Foto: ZDF/Julie Vrabelova

Krimi, Thriller und deutsch-deutsche Geschichte
Diese Elemente hat Regisseur Hans Steinbichler in "Walpurgisnacht – Die Mädchen und der Tod" vereint. Das ZDF zeigt den Zweiteiler mit Silke Bodenbender, Ronald Zehrfeld und Jörg Schüttauf in den Hauptrollen am Montag, 18., und Mittwoch, 20. Februar 2019, jeweils um 20:15 Uhr. Bereits ab Freitag, 15. Februar 2019, 10:00 Uhr, sind beide Teile in der ZDFmediathek zu sehen.

DDR 1988
Eine West-Touristin stürzt im Harz von einer Klippe. In Zeiten neuer politischer Offenheit zwischen DDR und BRD ist es zum ersten Mal möglich, dass Ost und West gemeinsam ermitteln: Polizist Karl Albers (Ronald Zehrfeld) sowie LKA-Ermittlerin Nadja Paulitz (Silke Bodenbender) arbeiten gemeinsam an dem Fall. Karl und sein Vorgesetzter Hauptmann Wieditz (Jörg Schüttauf) begegnen Nadja zunächst sachlich. Kreisleiter Egon Pölz (Godehard Giese) setzt dagegen alles daran, den Fall rasch abzuschließen und den ungeliebten Besuch aus dem Westen so schnell wie möglich wieder loszuwerden. Um seinen Sohn Ronny (Theo Trebs) aus der Schusslinie zu nehmen, besorgt Pölz dem jungen Mann, der mit dem Mordopfer Republikflucht begehen wollte, ein falsches Alibi.

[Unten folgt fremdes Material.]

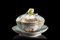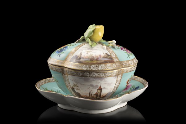 Manifattura tedesca, Augustus Rex, secolo XIX. Scatola in porcellana con vassoio decorata in policromia a fiori e riserve con scene portuali, presa del coperchio a forma di limone e fiori a tutto tondo (h. cm 20)

Als klar wird, dass der Tod der Touristin kein Unfall gewesen sein kann und ein zweites Mädchen tot aufgefunden wird, lenkt Pölz den Verdacht gezielt auf Jörg Spengler (Adam Venhaus). Der zurückgeblieben wirkende Außenseiter lebt im Dachzimmer der Pension seiner Mutter und schnitzt Hexenfiguren. Er passt fast zu gut in Nadjas Täterprofil, nach dem der Täter eindeutig psychopathische Züge aufweist. Er trennt den Toten Zehen ab und dekoriert die Leichen mit selbst geschnitzten Hexenbesen.

Für Regisseur Hans Steinbichler ist 'Walpurgisnacht" eine "zutiefst verstörende innere Reise der beiden Protagonisten in die Dunkelheit der eigenen Identität". Der Regisseur betont: "Der gesamte Cast mit Ausnahme von Silke Bodenbender stammt aus Ostdeutschland." Er habe viel Zeit damit verbracht, Ronald Zehrfeld und Jörg Schüttauf zuzuhören, wie sie die politischen Ereignisse Ende der 80er Jahre, die Menschen und ihre Art damals erlebt hätten.